Downtown board considers less funding for free downtown parking

08/20/2014 6:17 PM

08/20/2014 6:18 PM

The Downtown Tax Increment Finance District plans to renegotiate leases with the owners of two large downtown garages near Sundance Square that have provided free public parking on nights and weekends for years.

Leases for more than 1,900 spaces expire Sept. 1. The owners have expressed an interest in renewing the leases, in place since 1999. But if deals aren’t reached, the days of free parking could be in jeopardy.

On Wednesday, TIF board members discussed whether they want to pursue renewing the leases on the current terms, or offer the garage owners a deal similar to Tarrant County, which received significantly less funding when it renewed last year.

At that time, the TIF board indicated it wanted to steer away from costly subsidies for parking garages and use its tax dollars instead on economic development projects.

At issue now is the lease for 1,000 parking spaces in Sundance Square’s City Center garages, as well as 120 spaces for Bass Hall event staff. It has cost the TIF about $150,000 annually for the spaces.

The other lease is at the parking garage for 777 Main, owned by Cousins Properties, which has 700 spaces for Bass Hall patrons only. That lease has cost the TIF about $520,000 annually for the past 15 years.

Those payments have included money to help pay for garage and elevator improvements, which are now paid in full. The base rent in fiscal 2014 for the City Center garage was $55,417, and $306,308 for the garage at 777 Main.

Tarrant County agreed to reduced terms and renewed its free public parking lease for 250 parking spaces for $25,000 annually. The TIF had been paying about $400,000 annually on it.

If the board agrees to offer current terms, it will have to revisit its lease with Tarrant County.

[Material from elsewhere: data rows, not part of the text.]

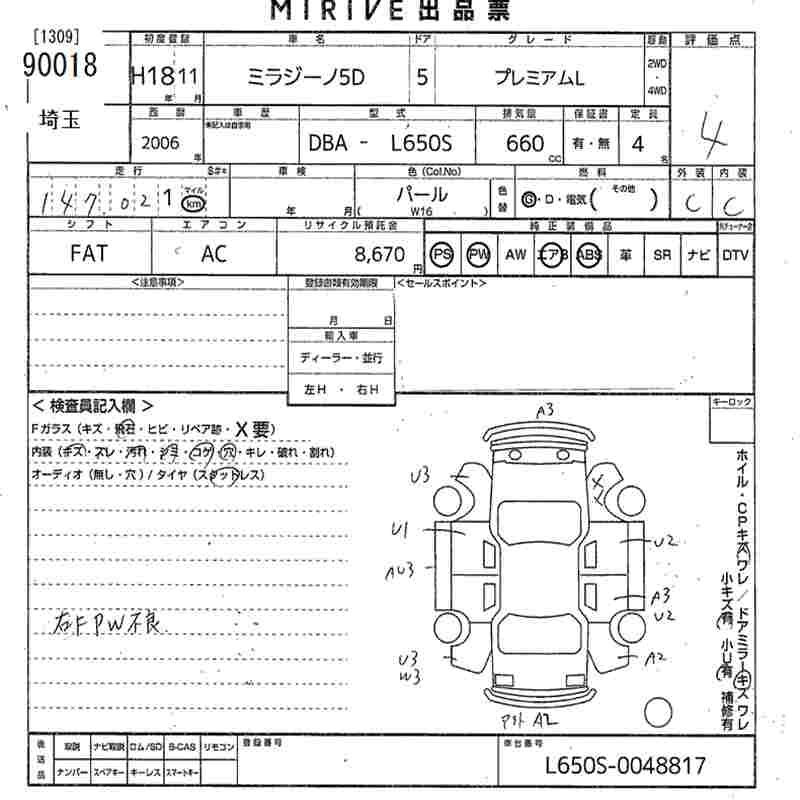 Статус выставлен на аукцион Лот 90018 Аукцион MIRIVE Saitama Дата аукциона 10.12.2025
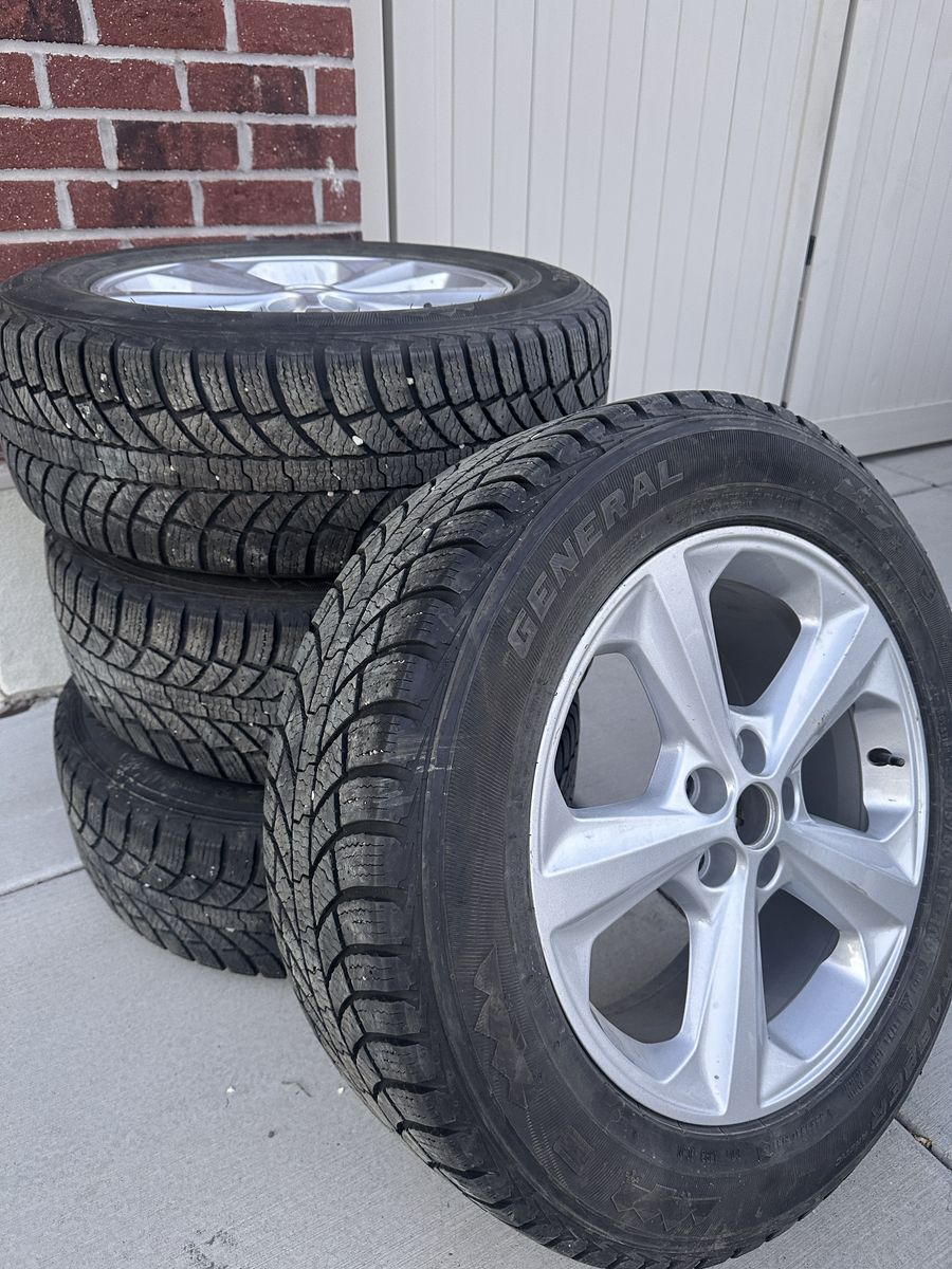 General Grabber 245/60 R 18 109 T m&s Tires with Factory Aluminum Rims. 8/32 Tread remaining. Came from a 2019 Ford Edge SUV. Fits other similar SUV's. All four tires are mounted on rims so you can put them on your SUV for winter travel.
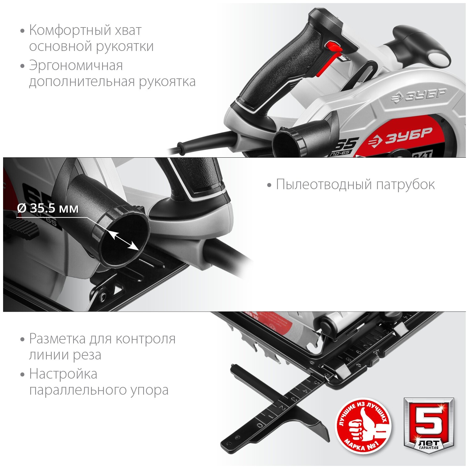 Пилы Циркулярная пила (дисковая) Зубр ПД-65 1600Вт (ручная)
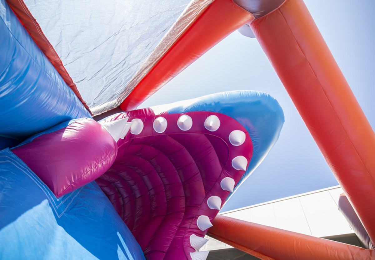Kruipen, klimmen, klauteren, springen en rennen! Alles komt aan bod op dit superleuke kussen. Bezorg de deelnemers de dag van hun leven op deze te gekke stormbaan met haai thema! Wie weet als snelste de obstakels te overwinnen?
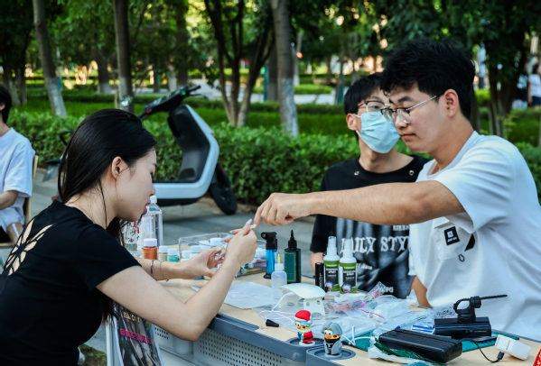 图为学生体验美甲 摄影:杨培
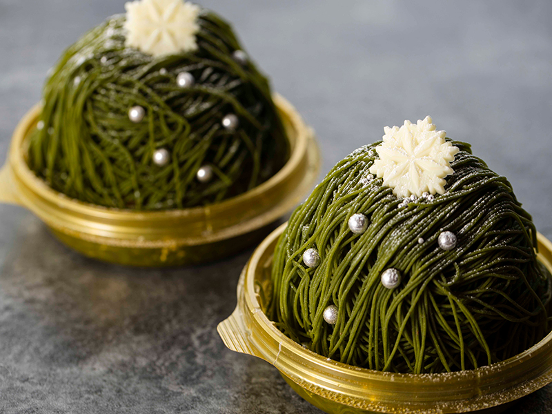 特製モンブランクリームに八女抹茶をブレンドした人気の極細モンブランをクリスマスシーズンだけのツリーに見立てた期間限定メニュー。
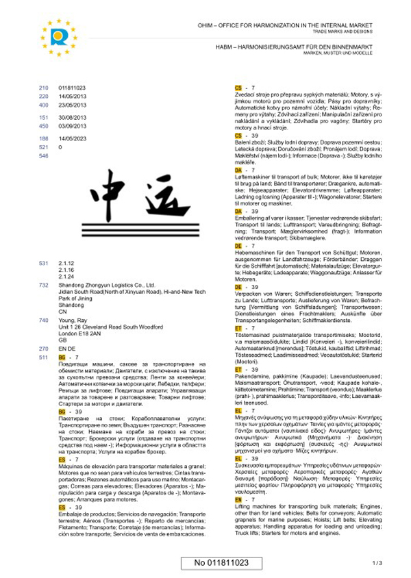 為進一步擴大國際市場,山東中運物流有限責(zé)任公司展開在歐盟申請注冊“中運”商標(biāo)的工作,歐盟商標(biāo)體制是歐盟會議通過的一種在歐盟28個國家使用的商標(biāo)體制。2013年9月,中運物流商標(biāo)成功的在歐盟完成注冊!就此敲開了中運物流在歐盟市場的大門!
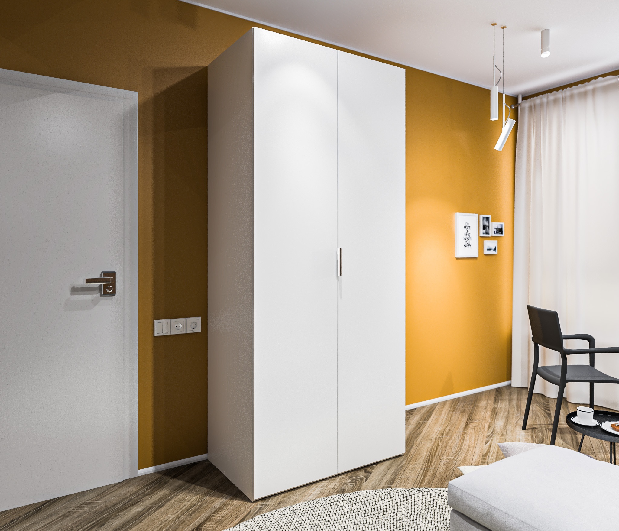 КомментарийУ нас большая семья. Вещи в шкафы просто не помещались, так что решили заказать в прихожую шкаф побольше. Хотелось, чтобы внутри было вместительное отделение для вешалок. Выбрали эту модель и очень довольны. Вся одежда влезает, двери открываются и закрываются мягко. Выглядит симпатично. В двери встроено зеркало.
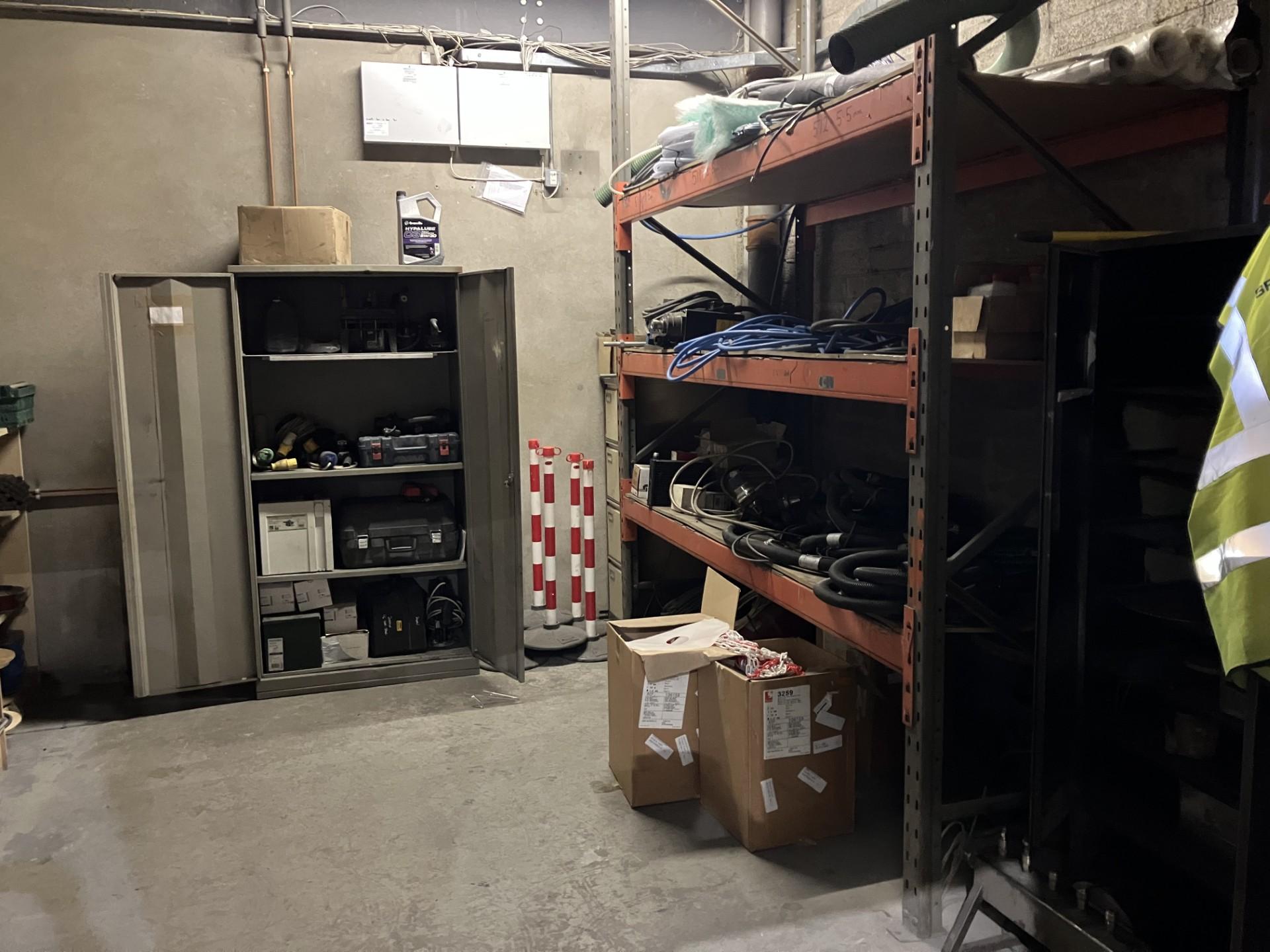 3 Store contents - includes hand tools, bolts, fixings, compressor, packing and 3 tipping skips
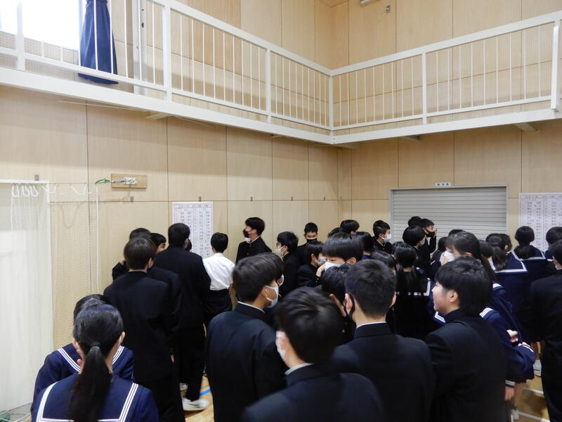 〇新3年生はクラス替えはなく、すぐに1号館2階へ引っ越しました。新2年生は体育館で新クラスの発表後、4号館へ引っ越しました。
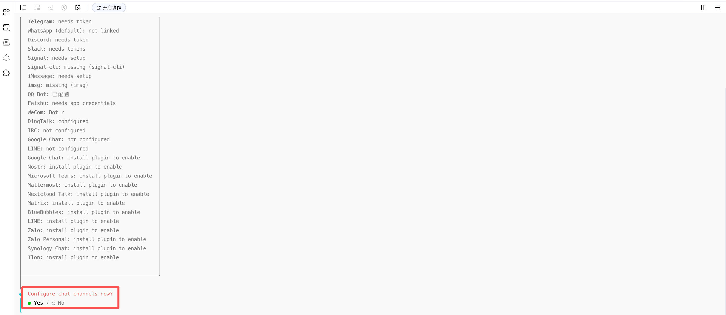 如您前序配置未成功,则可能无法保存订阅方式。请重新在云服务器内尝试通道配置或输入 openclaw gateway status 命令行,排查网关状态。

The TIF spends about $3.4 million annually on parking leases at six garages. It began offering the leases as development incentives as a way to support the shops, restaurants and other entertainment venues downtown.

Board member Charles Boswell asked whether that money would now be better spent on development projects, which is the intended use of TIF dollars.

“What is this money buying us versus what we could do in other arenas,” Boswell said.

New TIF board member Johnny Campbell, president and CEO of Sundance Square, acknowledged that he cannot vote on the issue because his company has a garage, but told the board that without free parking, shops and restaurants in downtown would have a difficult time.

“The small retailers up and down Houston Street benefit,” he said. But, he added, he feels the TIF is overpaying for some of the leases.

“We ought to be looking at a spreadsheet ... so you know what the TIF bought,” Campbell said.

The board directed Jim Johnson, TIF director, to gather input from downtown merchants, property owners and the public on whether the TIF dollars should continue to pay for parking garage leases.

Johnson was directed to work out an arrangement with garage owners to continue operating under current lease terms for 30 to 60 days, giving the board time to address the issue. If the leases are not renewed, the garage owners would be free to charge, or not, for parking.

The TIF also pays for leases at The Tower, Chase Bank Building and City Place.

TIFs divert property taxes from new development into a special fund to pay for improvements inside a defined district.